Exercise brief
Below are some records. Write out exactly their lines from the one with "Kepala Staf Angkatan" through the one with "Las placas a", and leave the pictures behind.

Material provided
┌──

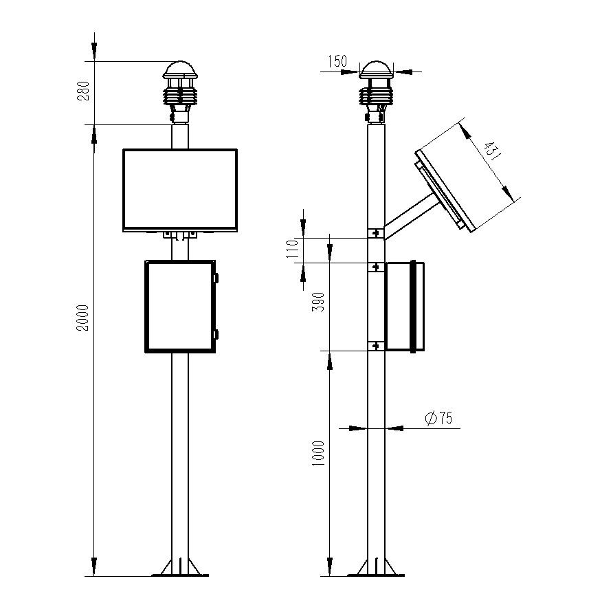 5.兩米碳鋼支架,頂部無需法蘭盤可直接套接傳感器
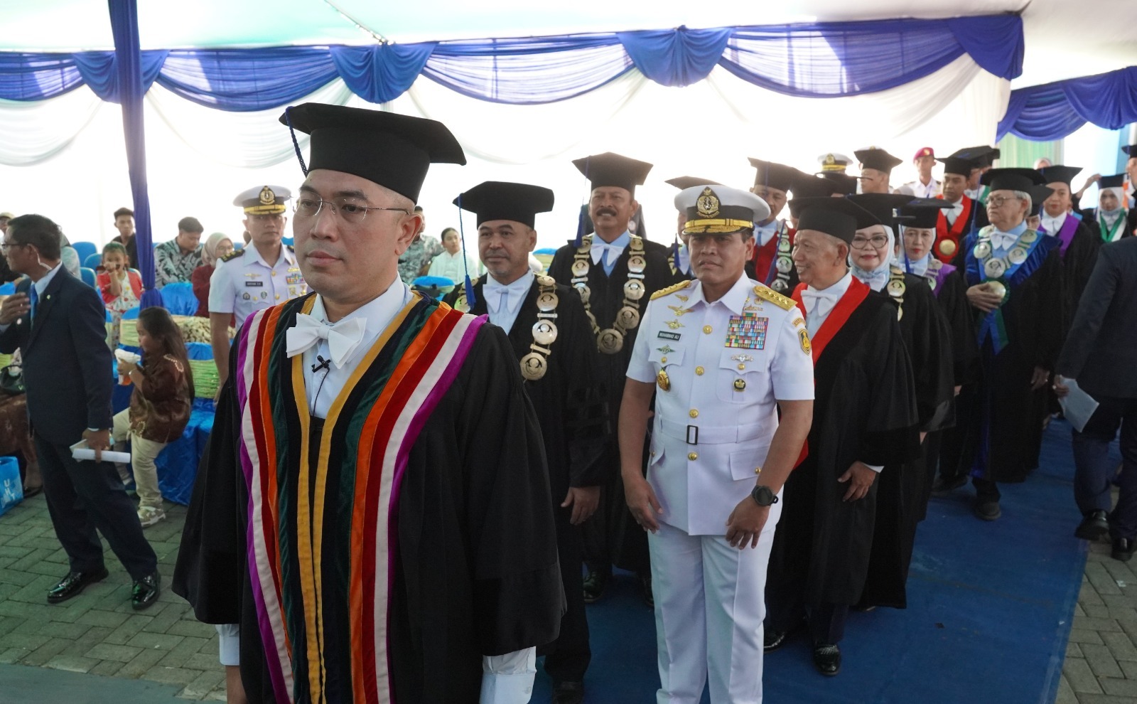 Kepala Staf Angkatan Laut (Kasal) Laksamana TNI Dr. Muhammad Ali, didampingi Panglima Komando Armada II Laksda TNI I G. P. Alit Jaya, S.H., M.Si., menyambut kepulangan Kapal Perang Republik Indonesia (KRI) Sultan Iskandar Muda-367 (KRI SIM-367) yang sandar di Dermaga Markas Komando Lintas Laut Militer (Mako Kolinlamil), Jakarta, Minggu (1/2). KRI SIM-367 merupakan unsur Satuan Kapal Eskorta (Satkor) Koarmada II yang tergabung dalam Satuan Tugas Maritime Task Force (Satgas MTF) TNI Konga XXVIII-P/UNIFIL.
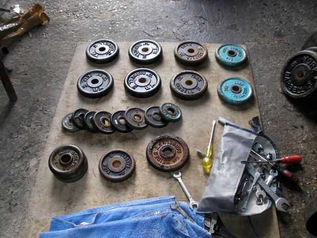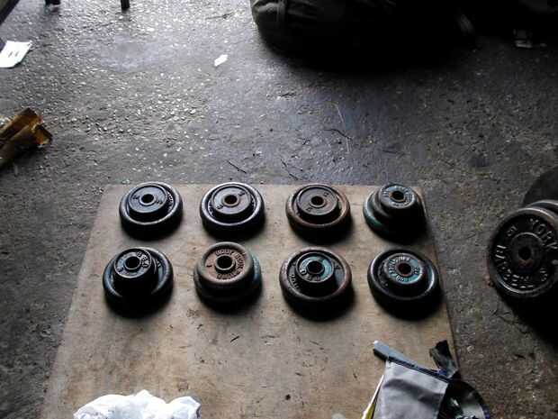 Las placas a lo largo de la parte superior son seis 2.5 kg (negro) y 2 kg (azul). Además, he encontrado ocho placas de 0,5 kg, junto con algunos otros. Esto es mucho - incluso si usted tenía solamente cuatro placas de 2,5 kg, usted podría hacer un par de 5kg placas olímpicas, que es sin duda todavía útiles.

└──
┌──

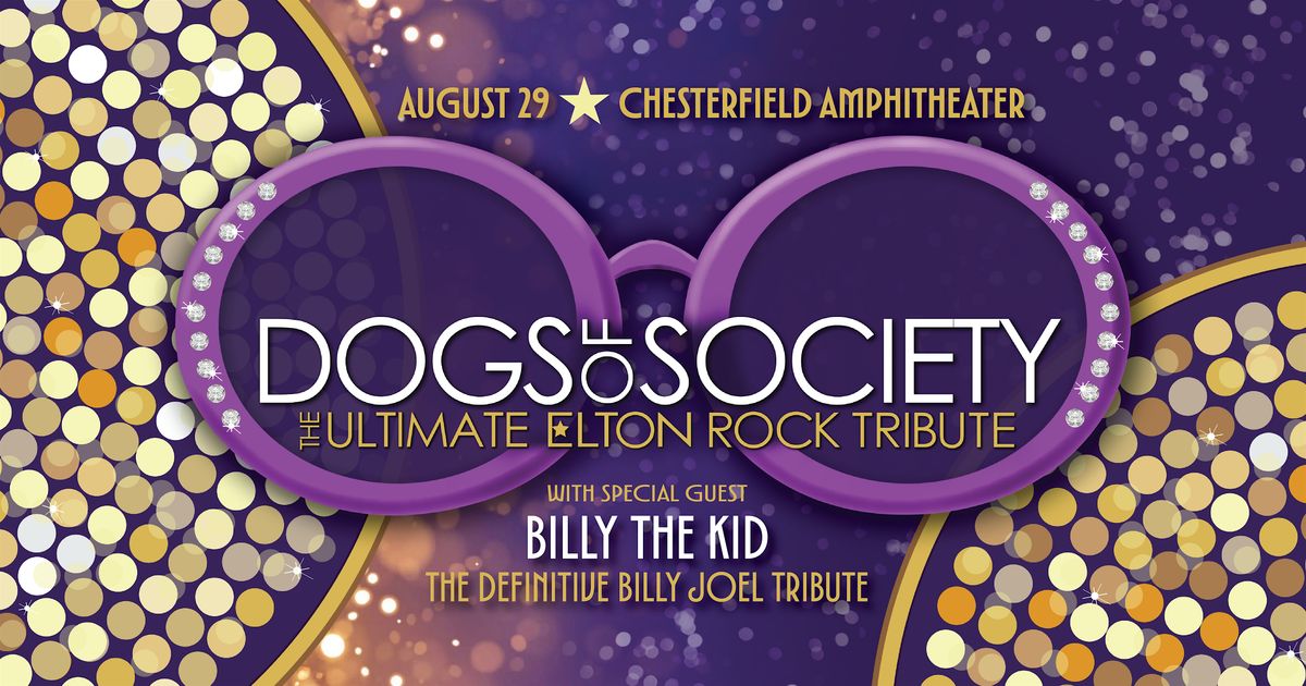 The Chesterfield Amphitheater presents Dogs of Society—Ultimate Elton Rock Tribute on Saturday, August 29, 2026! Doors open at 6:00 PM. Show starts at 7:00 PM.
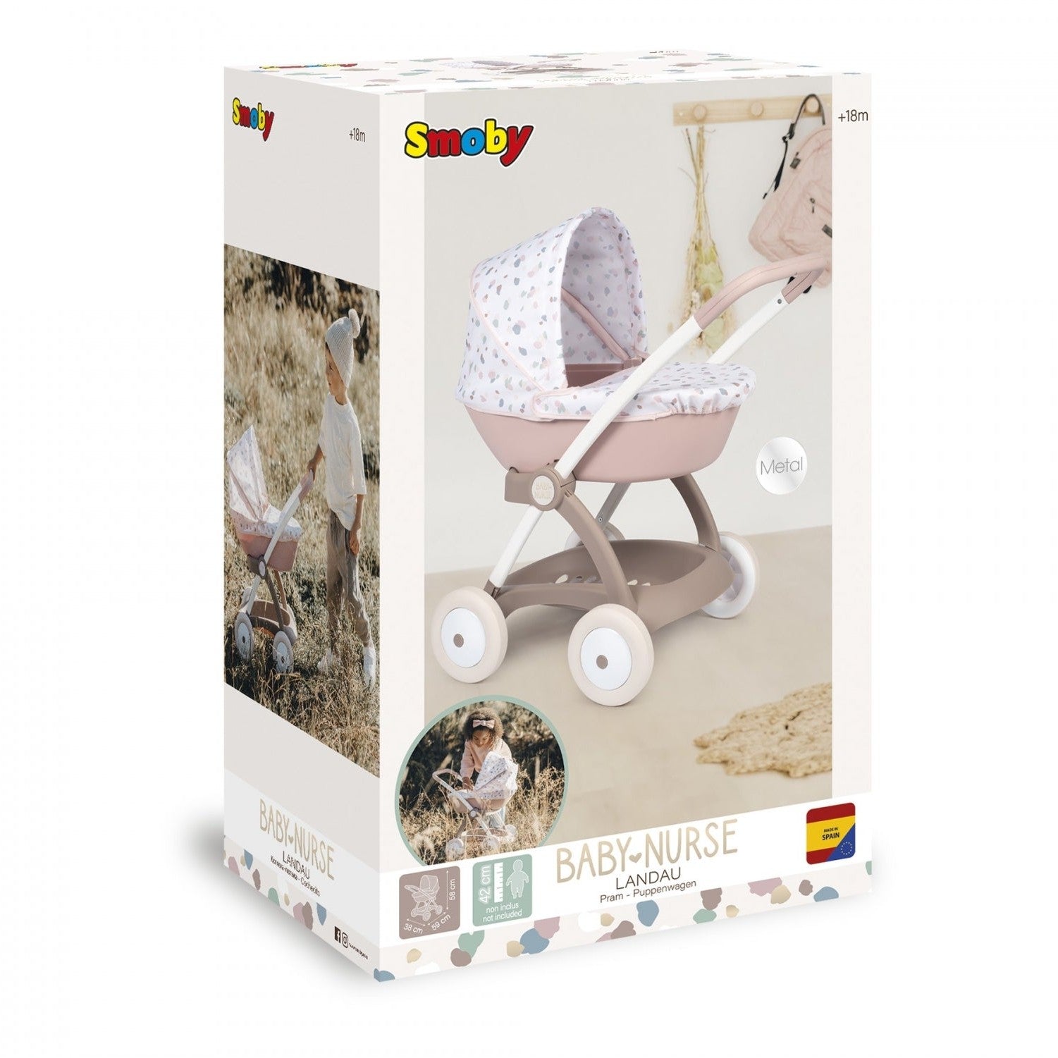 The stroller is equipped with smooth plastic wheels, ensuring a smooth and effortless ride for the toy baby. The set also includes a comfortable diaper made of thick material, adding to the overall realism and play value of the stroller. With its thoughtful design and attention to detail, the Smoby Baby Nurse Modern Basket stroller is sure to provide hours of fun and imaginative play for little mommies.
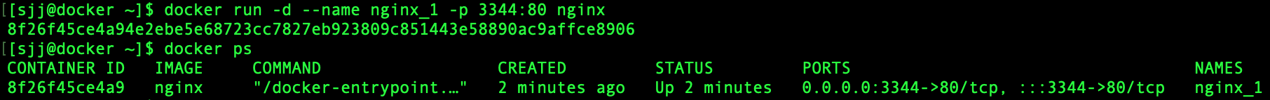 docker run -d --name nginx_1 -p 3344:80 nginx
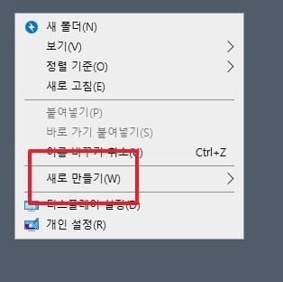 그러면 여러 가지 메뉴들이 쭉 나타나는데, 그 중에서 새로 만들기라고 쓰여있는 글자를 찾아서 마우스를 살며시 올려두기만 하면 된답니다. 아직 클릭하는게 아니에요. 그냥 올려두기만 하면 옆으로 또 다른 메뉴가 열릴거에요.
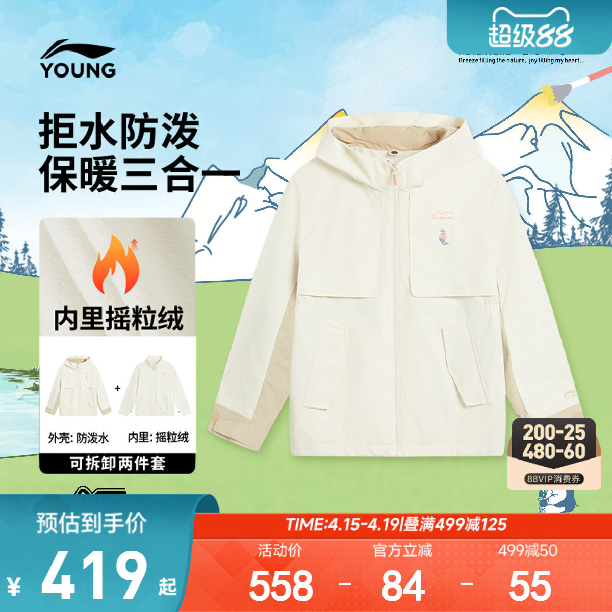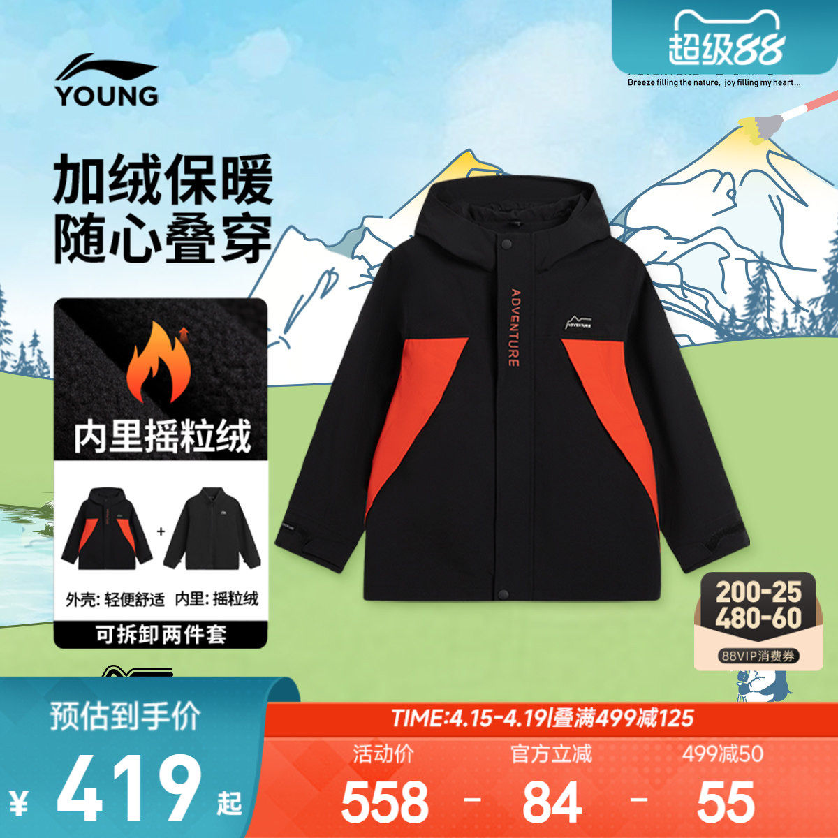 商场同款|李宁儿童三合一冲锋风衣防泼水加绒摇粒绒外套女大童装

└──

Answer box
 Kepala Staf Angkatan Laut (Kasal) Laksamana TNI Dr. Muhammad Ali, didampingi Panglima Komando Armada II Laksda TNI I G. P. Alit Jaya, S.H., M.Si., menyambut kepulangan Kapal Perang Republik Indonesia (KRI) Sultan Iskandar Muda-367 (KRI SIM-367) yang sandar di Dermaga Markas Komando Lintas Laut Militer (Mako Kolinlamil), Jakarta, Minggu (1/2). KRI SIM-367 merupakan unsur Satuan Kapal Eskorta (Satkor) Koarmada II yang tergabung dalam Satuan Tugas Maritime Task Force (Satgas MTF) TNI Konga XXVIII-P/UNIFIL.
 Las placas a lo largo de la parte superior son seis 2.5 kg (negro) y 2 kg (azul). Además, he encontrado ocho placas de 0,5 kg, junto con algunos otros. Esto es mucho - incluso si usted tenía solamente cuatro placas de 2,5 kg, usted podría hacer un par de 5kg placas olímpicas, que es sin duda todavía útiles.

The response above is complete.